Al Nida
- Type: Daily newspaper
- Owner: Kazem Al Solh
- Founder: Kazem Al Solh
- Editor-in-chief: Kazem Al Solh
- Founded: 1930
- Ceased publication: 1940
- Political alignment: Arab nationalism
- Language: Arabic; French;
- Headquarters: Beirut
- Country: Lebanon

= Al Nida (newspaper) =

Daily newspaper in Lebanon (1930–1940)

Al Nida (النداء) was a daily newspaper which was published in Beirut, Lebanon, in the period 1930–1940. The paper also had a French language edition. It is known for being one of the first Arabic newspapers which featured translations of Adolf Hitler's book Mein Kampf.

==History and profile==
Al Nida was established by Kazem Al Solh in Beirut in 1930. He also owned and edited the paper which ceased publication in 1940. It was published daily in Arabic, but also had a French edition. The paper was consisted of eight pages.

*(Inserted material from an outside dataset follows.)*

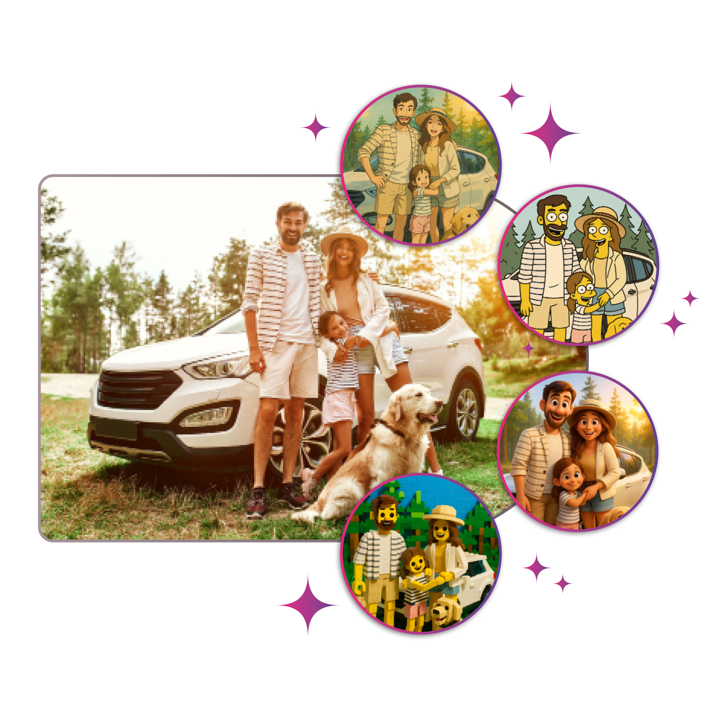 Tú decides el diseño: número de fotos, tamaños y plantillas como rejilla, corazón, texto o números. El resultado de IA puede ser el motivo principal de tu composición y combinarse con más imágenes, fondos, marcos, colores y tipografías. Además del anime, puedes transformar tu foto a estilos retro flat vector, Simpsons, Pixar, LEGO, Marvel, Ghibli, acuarela, Disney clásico o estilo sticker.
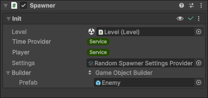 When you have a component that derives from MonoBehaviour<T…> or implements IInitializable<T…>, an Init section will automatically appear at the top of the components of that type in the Inspector.

Al Nida had an Arab nationalist political stance. Although the daily was based in Beirut, most of its readers were in Damascus, Palestine, Transjordan and Iraq. From January 1934 Arabic translations of Adolf Hitler's book Mein Kampf were published in Al Nida. It was translated into Arabic by Kamel Mrowa, an editor of the paper. The publication of these texts led to criticisms in the country. In response Kazem Al Solh published an editorial to explain his position in regard to the Hitler's ideology stating that he did not support Hitler's race-based theories. On the other hand, Al Solh was a supporter of Hitler’s strategy to revitalize and preserve his nation and national identity. The paper also covered other anti-Semitic materials. During its existence Al Nida was banned several times.